Пола не имела ни малейшего представления о перенесенной Ваней травме. Проблема заключалась в том, что мальчик оказался совершенно не подготовленным к кардинальной перемене в своей жизни. На протяжении девяти месяцев, пока Пола собирала документы, никто не удосужился отвести Ваню в сторонку и сказать ему, что он поедет в Америку. На самом деле это не так удивительно, как может показаться. У Марии, официальной Ваниной опекунши, не было никаких контактов с Полой, пока та не прилетела в Москву. Ей была неизвестна даже дата ее прибытия. Учитывая многочисленные препятствия, которые чинили официальные лица, и предательство Линды, психологи, работавшие в проекте Марии, считали, что лучше ничего не говорить Ване, пока усыновление не станет несомненным фактом. Но свершившимся фактом оно стало лишь к тому времени, о котором идет речь.
Между тем человек, сделавший для спасения Вани больше всех, вообще не участвовал в триумфальной кульминации. Мы, конечно, говорим о Вике. Она ни разу не встретилась с Полой, и Поле не пришлось узнать от нее историю Ваниной жизни. Причина была простой: стояло лето, и Вика увезла ребенка на дачу, дышать свежим воздухом, а телефона там не было.
У Вики даже не было возможности попрощаться с Ваней, обнять его и пожелать ему удачи — как и у ее подруг, которые много времени проводили с мальчиком Когда Ваня исчез из Москвы, для Вики он как будто умер.
Пола оставалась в Москве две недели, пока длилось окончательное оформление документов, и все это время Ваня пребывал в состоянии сильного душевного смятения, без конца плакал и изводил Полу капризами. Профессиональный детский психолог, Пола справилась с Ваниным кризисом, на что другие приемные родители, возможно, оказались бы не способны. Она упорно сражалась за вновь обретенного сына, но лишь по приезде в Пенсильванию Ваня окончательно убедился, что больше от него не откажутся. В один прекрасный день он пришел в дом со двора, где играл, и сказал Поле: “Ты моя любимая мама”.

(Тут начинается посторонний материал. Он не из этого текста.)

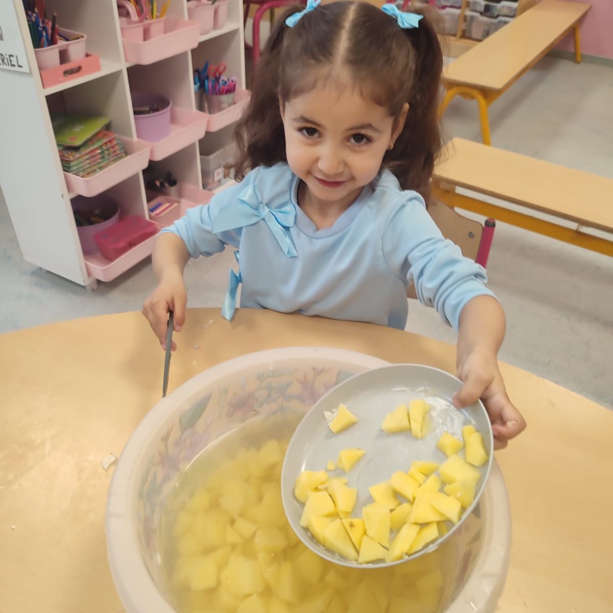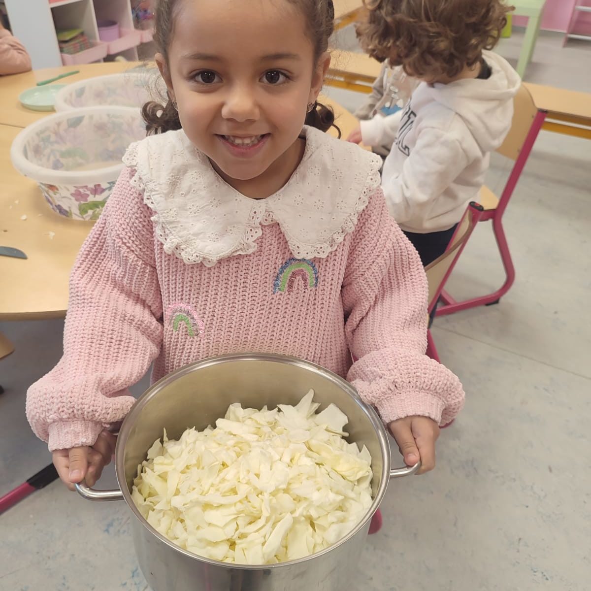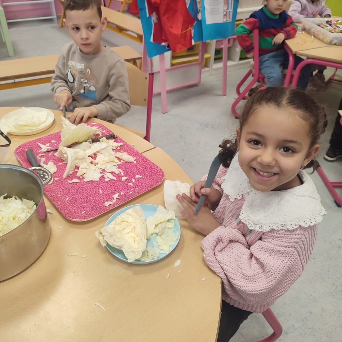 Madame Carine et les élèves de M2 ont cuisiné une délicieuse potée au chou. Un vrai moment de partage… et ils se sont régalés !

Два дня мы провели с Джоном и Полой, вспоминая прошлое. Многие из этих воспоминаний отзывались в сердце Джона болью, что неудивительно. К тому же его мучили некоторые оставшиеся невыясненными вопросы.
Джон не скрывал, что тяжело перенес расставание с Леной. Память о тех драматичных событиях и легла в основу написания предыдущих глав. Мы сказали Джону, что в своих болезненных переживаниях он не одинок. В душе Лены тоже надолго осталась незарубцевавшаяся рана, хотя ее воспоминания о совместно проведенных месяцах совсем не похожи на Ванины. Лена чувствовала себя преданной. Но, несмотря на разлуку, Ваня все еще занимает свой уголок в ее душе.
На второй день Ваня стал задавать более конкретные вопросы о своей жизни в России. Ему хотелось постичь смысл того, что с ним произошло.
Почему, недоумевал он, Адель, которая производила впечатление совсем не злой женщины, позволила отправить его в интернат? “Наверное, боялась коммунистов”, — предположил он.
Его волновало, что сталось с его родителями. “Из документов вроде бы следует, что они злоупотребляли алкоголем”, — как можно мягче проговорил он. Ване было известно, что у него есть старший единоутробный брат Денис и сестра Ольга 1985 года рождения. Когда он покидал Россию, она находилась в детском доме.
Был и еще один вопрос. Джону стоило немалого труда задать его, а нам — так же мучительно трудно на него ответить. “Почему Вика, узнав об ужасных условиях в психушке, — спросил он Сэру, — не сообщила об этом в полицию?” Вежливость не позволила ему спросить прямо: почему вы немедленно не забрали меня оттуда? Почему на целых девять месяцев бросили меня в этом страшном месте?
Одно лишь это яснее ясного доказывало, что он уже стал американцем. Джон не сомневался, что заявления в полицию о дурном обращении с ребенком достаточно, чтобы мгновенно мобилизовать все спасательные службы, которые тут же вышлют ему на помощь вертолеты и автоматчиков. Как объяснить ему, что в том, как с ним обошлись в России, не было ничего противозаконного? Такова обычная судьба детей с диагнозом “олигофрения”.
Признаюсь, необходимость дать Джону подробный ответ на этот болезненный вопрос и побудила меня написать эту книгу. Чтобы узнать о его семье, пришлось по старинке стучаться в разные двери.
Перед нашим отъездом Сэра решила, что пора вновь соединить людей, которые были так близки десять лет назад. Она достала мобильник и набрала московский номер. Ей ответил бодрый, веселый голос, и Сэра сказала: “Здесь кое-кто хочет с тобой поговорить*.
— Вика, это Джон.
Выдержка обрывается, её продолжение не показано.